There are many memories of Mum intently leafing through the pages of a book of dreams when I was 9, 13, 17, 31 explaining to me that the snake I’d dreamt about represented something to be wary of, perhaps a person who didn’t have my best intentions in mind. Or telling Pieta that her dream of losing a tooth meant that she needed to be careful about losing something important in her life. I never really believed in these things, but I did enjoy being entertained by the mystical spirituality of it all. And I respected my Mum’s belief and conviction in the symbolism. She was also passionately interested in fortune telling, numerology and astrology. Perhaps because she wanted to believe that life could be influenced by things greater than us. That there was a chance that things could always get better, despite the odds.
The infamous and shocking morning that Judy, a family friend staying at our holiday house, brushed her teeth and notoriously spat it out in the kitchen sink, casual as you’d like. Mum nearly fell on the floor, absolutely apoplectic in disgust and horror. The incident became folklore in our family and we talked about Judy’s unforgiveable crime for years, long after we lost touch with her.
I have so many memories of my Mum’s vivacious smile from every time David and I arrived at her house in a taxi from the airport, suitcases in tow. The excitement and joy in her heart so easily expressed in her big, beautiful smile is forever etched in my memory and in my heart. Twelve times in eleven years I saw that look on her face. The flip side was how sad and deflated she would become on the day we had to leave Melbourne to return to Dubai. We’d be watching TV, waiting for our ride to the airport and I’d glance over and see Mum looking at me, quietly soaking me in, with her doleful brown eyes.
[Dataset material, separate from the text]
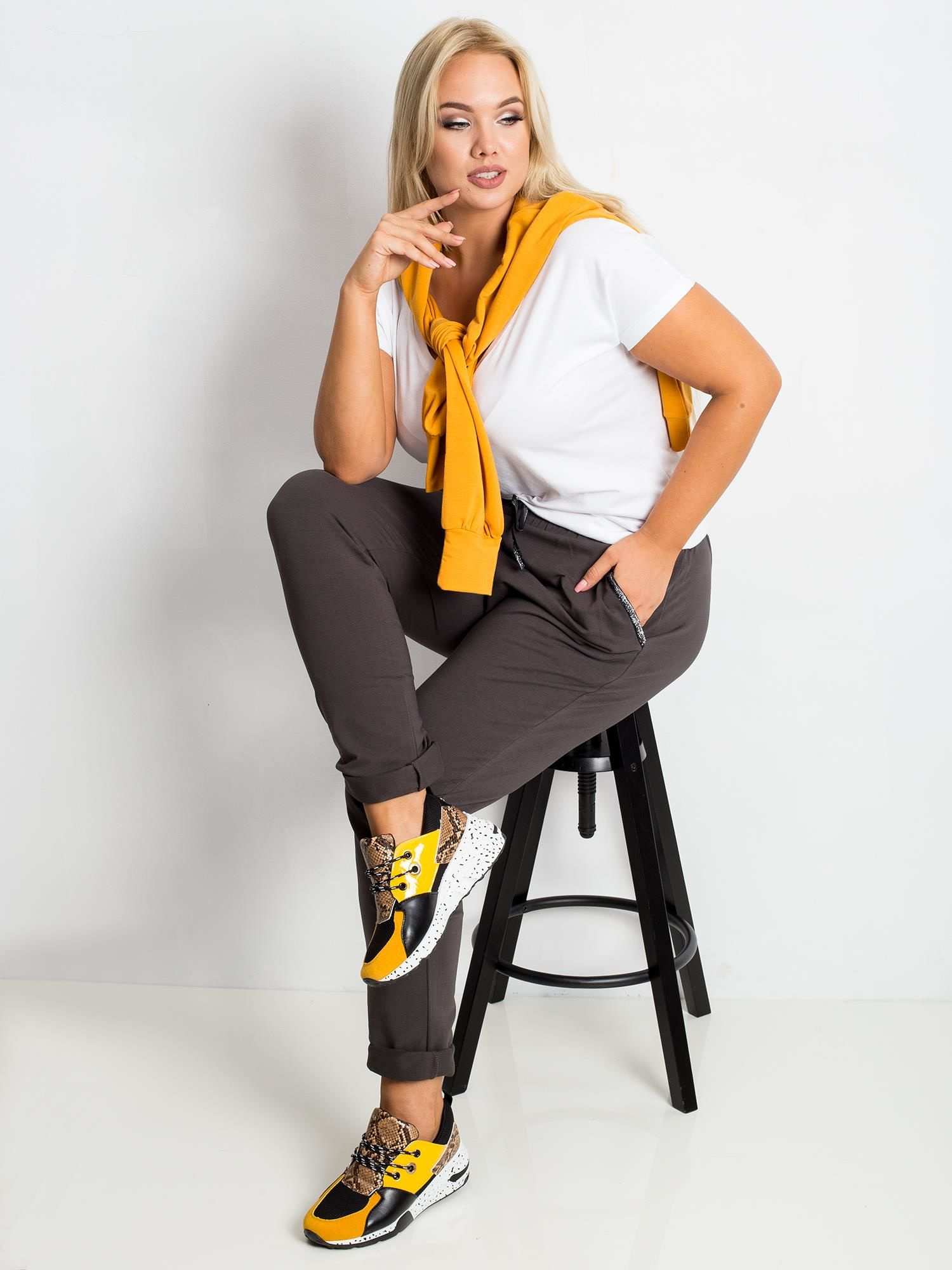 Modelka ma na sobie rozmiar 2XL. Wymiary modelki: wzrost 172 cm, biust 105 cm, talia 76 cm, biodra 105 cm.

Clutching onto her unspoken wishes that we could just stay, forever. I’d go and sit next to her, holding her in my arms, squeezing her hand tightly, my heart burdened with sadness and guilt. It never got any easier.
Timeless.
I’ll never forget the messages that Mum and I exchanged the day before she died. I was burning the candle at both ends in Tbilisi and WhatsApped her to conceitedly complain that I was suffering from a migraine headache. She was worried about me. Even though she was in a great deal of pain, her primary concern was the wellbeing of her daughter. I remember that so clearly. And I also remember her telling me about the change in Melbourne weather. She told me that she was cold. And a few hours later she was dead.
In the months after my Mum’s death, crushed by the weight of my grief, I struggled to remember our last day together, or the final time we said goodbye. Can you even imagine? I couldn’t remember the last time I’d seen my mother alive. All the farewells we’d shared over the years melded into a blurry melancholic montage, and I couldn’t pinpoint that one single very important moment. Over the last three years I believe I’ve accurately recreated it with the help of David and my sisters, and the messages that were sent on the family WhatsApp group that day. But I’m still not really sure. That’s the problem with death, and it’s the problem with goodbyes. Every single time you say goodbye, could be the last time. You never know which moment is going to turn from just another everyday interaction into one of the most important moments of your life.